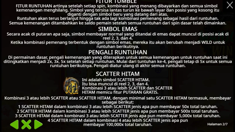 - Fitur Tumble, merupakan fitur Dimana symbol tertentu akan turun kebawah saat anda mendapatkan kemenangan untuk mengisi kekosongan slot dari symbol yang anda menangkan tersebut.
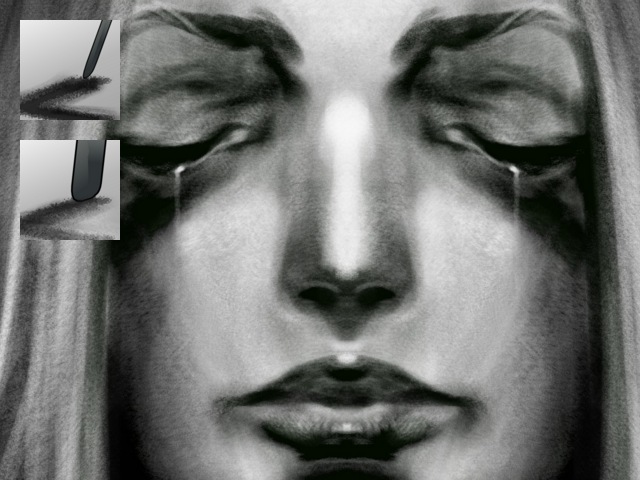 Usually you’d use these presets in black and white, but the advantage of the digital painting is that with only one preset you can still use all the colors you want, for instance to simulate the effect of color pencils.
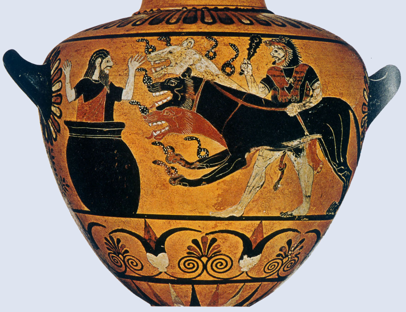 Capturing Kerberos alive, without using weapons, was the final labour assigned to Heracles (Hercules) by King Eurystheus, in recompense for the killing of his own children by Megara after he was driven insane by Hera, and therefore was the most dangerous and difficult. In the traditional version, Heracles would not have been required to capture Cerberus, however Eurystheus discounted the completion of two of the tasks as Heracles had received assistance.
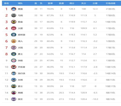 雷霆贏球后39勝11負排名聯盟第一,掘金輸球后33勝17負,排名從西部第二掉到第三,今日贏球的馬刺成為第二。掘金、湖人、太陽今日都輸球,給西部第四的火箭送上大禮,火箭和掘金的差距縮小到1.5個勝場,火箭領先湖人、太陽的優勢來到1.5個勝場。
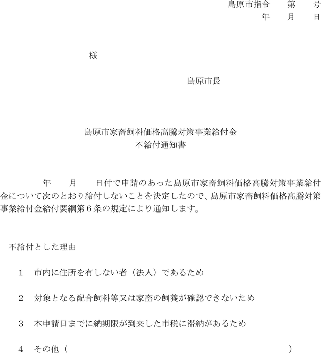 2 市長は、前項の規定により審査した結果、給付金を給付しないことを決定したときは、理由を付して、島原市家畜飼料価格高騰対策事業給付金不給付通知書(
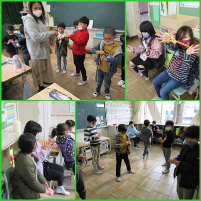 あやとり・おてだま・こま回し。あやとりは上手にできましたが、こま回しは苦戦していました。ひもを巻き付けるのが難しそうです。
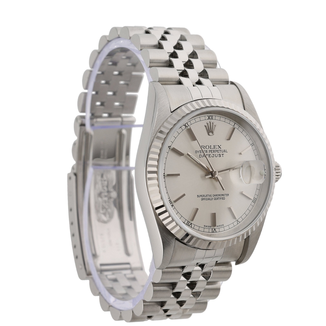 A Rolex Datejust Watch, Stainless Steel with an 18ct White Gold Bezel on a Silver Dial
============================================================
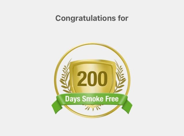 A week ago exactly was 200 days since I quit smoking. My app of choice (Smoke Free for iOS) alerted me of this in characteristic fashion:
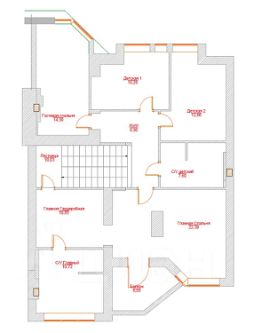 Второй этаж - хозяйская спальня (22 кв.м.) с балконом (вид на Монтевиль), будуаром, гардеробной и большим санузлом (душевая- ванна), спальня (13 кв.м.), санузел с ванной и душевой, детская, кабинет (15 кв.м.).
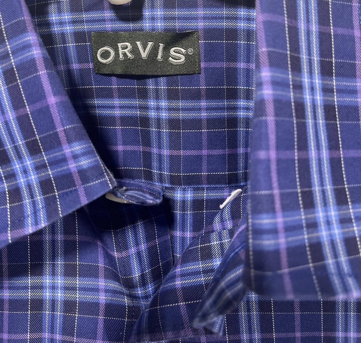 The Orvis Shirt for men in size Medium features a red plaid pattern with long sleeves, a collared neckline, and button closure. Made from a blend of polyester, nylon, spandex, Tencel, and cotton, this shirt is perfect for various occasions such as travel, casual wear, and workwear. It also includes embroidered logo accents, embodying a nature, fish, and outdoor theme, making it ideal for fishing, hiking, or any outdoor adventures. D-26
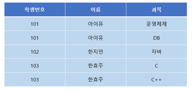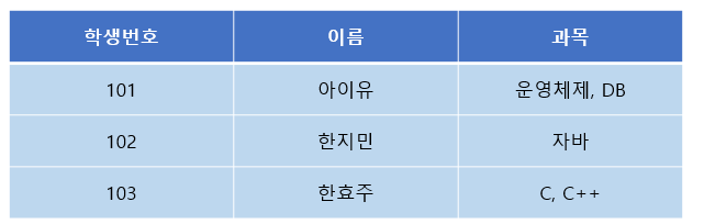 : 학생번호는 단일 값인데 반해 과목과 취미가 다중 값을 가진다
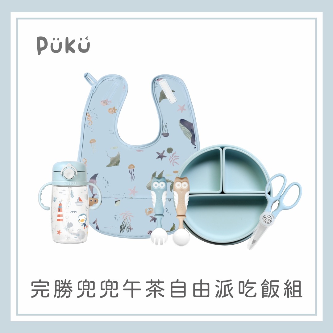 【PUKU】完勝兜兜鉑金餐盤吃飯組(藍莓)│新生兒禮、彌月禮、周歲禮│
============================================================
About this exercise ->
Using the data above, give again exactly the lines starting at the one holding "雷霆贏球后39勝11負排名聯" and ending at the one holding "A Rolex Datejust", inclusive, and nothing more. Omit the pictures.

Written reply ->
 雷霆贏球后39勝11負排名聯盟第一,掘金輸球后33勝17負,排名從西部第二掉到第三,今日贏球的馬刺成為第二。掘金、湖人、太陽今日都輸球,給西部第四的火箭送上大禮,火箭和掘金的差距縮小到1.5個勝場,火箭領先湖人、太陽的優勢來到1.5個勝場。
 2 市長は、前項の規定により審査した結果、給付金を給付しないことを決定したときは、理由を付して、島原市家畜飼料価格高騰対策事業給付金不給付通知書(
 あやとり・おてだま・こま回し。あやとりは上手にできましたが、こま回しは苦戦していました。ひもを巻き付けるのが難しそうです。
 A Rolex Datejust Watch, Stainless Steel with an 18ct White Gold Bezel on a Silver Dial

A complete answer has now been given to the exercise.